Me: How old do you have to buy a game that’s rated Z?
Tony: 18.
Me: How old are you now?
Tony: 11.
Me: What’s 18-11?
Tony: 7.
Me: That’s how many years you have to wait to buy the game.

End of conversation. Flash forward to this week.

Tony: Daddy, look what I got!
Sony PSP: “You cock-sucking mother-fucking son of a goddamn whore! I’ll rip off your head and shit down your neck!” (explosions) (police sirens) (sexual innuendo-filled radio dialog)
Me: Wonderful.

So here’s the thing. And maybe I’m just rationalizing my horrible parenting skills and my guilt for not confiscating the game on sight.

Neither Tony nor Andy understand much English aside from the conversations I have with them, so all the swearing in the game goes over their heads. It was only a few weeks ago that Tony finally learned the word “shit” when I dented the running board of our family car trying to back out of a ridiculously narrow dead end. I’m not too worried about either of them acquiring a new and exceedingly foul English vocabulary from the game.

They don’t understand the adult themes in the game. Or, maybe they do, and if so, they already acquired such worldly knowledge elsewhere.

That leaves the violence. When I was a kid, we played cops and robbers and smashed Matchbox cars together all the time. And I didn’t grow up to be a sociopath.

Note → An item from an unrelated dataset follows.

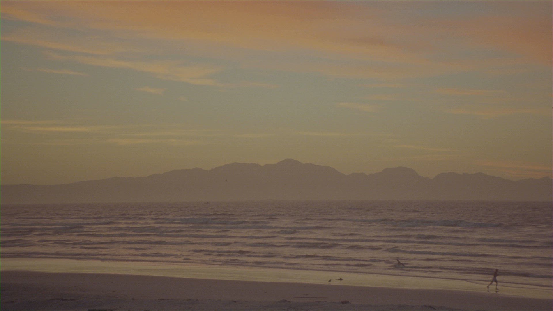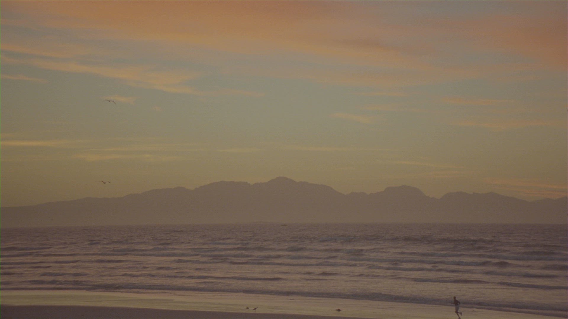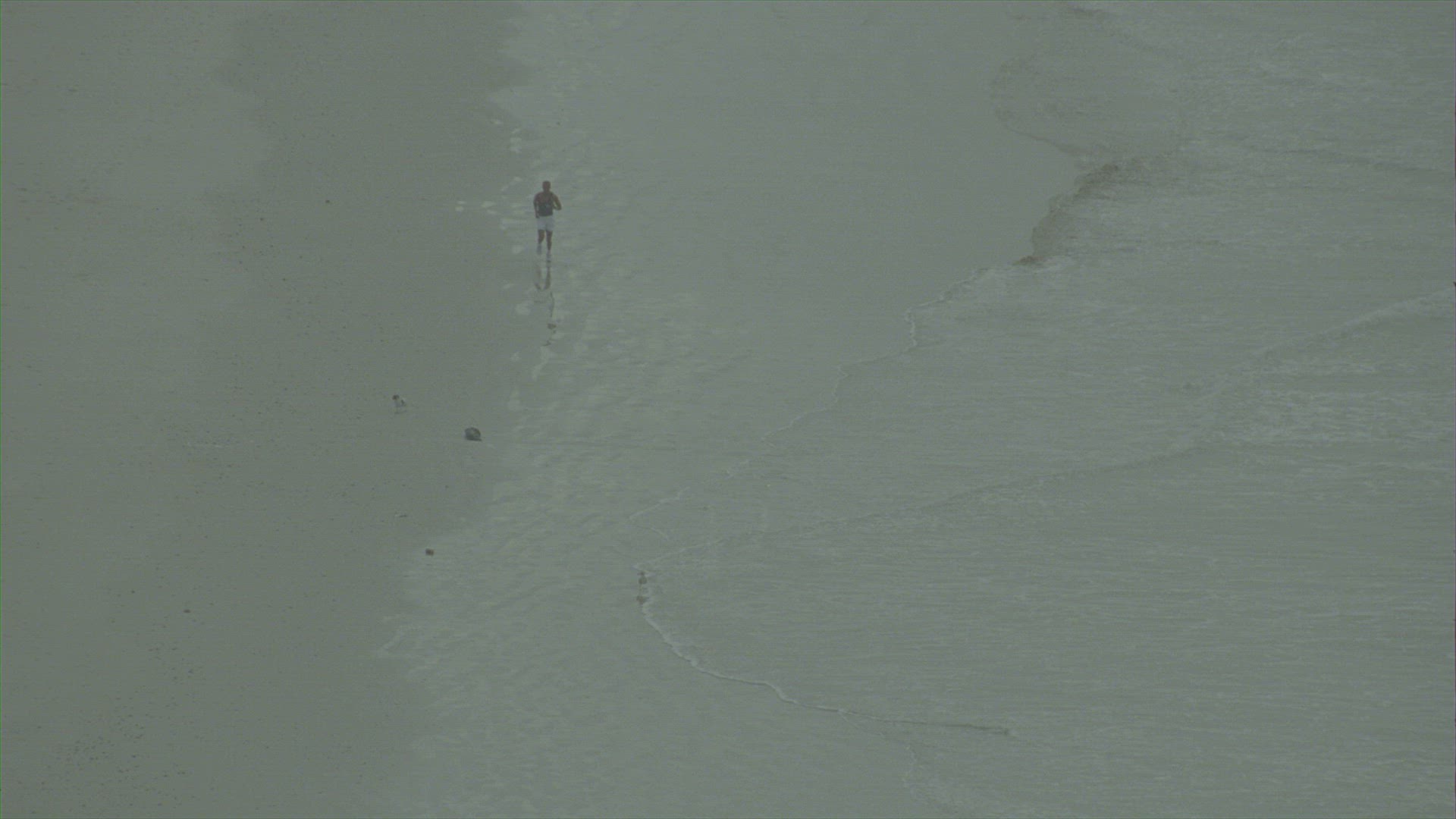 Slow motion steadicam shot young man and woman having sports training at the seaside. They running along the coast and listening to music in headphones. Healthy and active lifestyle

Yesterday was a holiday so the three of us played the game together. I taught Andy how to read a map and to give and understand directions in English. I found a website of cheat codes and taught Tony some new vocabulary by explaining to him what they all did. The boys got practice sharing their toys, which involved patience and conflict resolution. Tony got to show me all the secret locations, mini games and tricks he discovered by himself. (I skipped over minor details such as what prostitutes and pimps do for a living.) We shared opinions about strategies. But most of all, the three of us spent hours of quality time together, which we don’t do often enough lately.

But still, I’m conflicted as to whether or not I’m being a horrible parent by letting them play such an adult-oriented game.

Rich Pav

Richard has been living in Japan since 1990 with his wife and two teenage sons, Tony and Andy.

21 thoughts to “My Kids and Grand Theft Auto Liberty City Stories”

  1. I can understand your concerns here.γ€€I have a 6 year old son so I’m sure I will be facing these issues sonner rather than later. I guess confiscating the game would have been the more “consistent” approach, but it sounds like if you had done that your kids would be playing it elsewhere (and maybe secretly).

    It is a tough call, but if they are going to be playing it anyway, isn’t it better that they playing it with you around to guide them and keep an eye on how they react to it?

    Plus, it’s a great excuse for you to play the game (-;

  2. I agree with Paul – tough call, but if you are there and talking about the issues (or most of them) then you facilitate communication in the process of learning to think and problem solve as they are introduced to life’s more complex “issues,” rather then having them to resent and rebel. That said, don’t be a push over. Limits work if there is mutual respect. Kids learn most by watching how their parents, siblings and peers deal with complexities (assuming they don’t have sociopathic tendencies – in which case, keep one eye open while you sleep)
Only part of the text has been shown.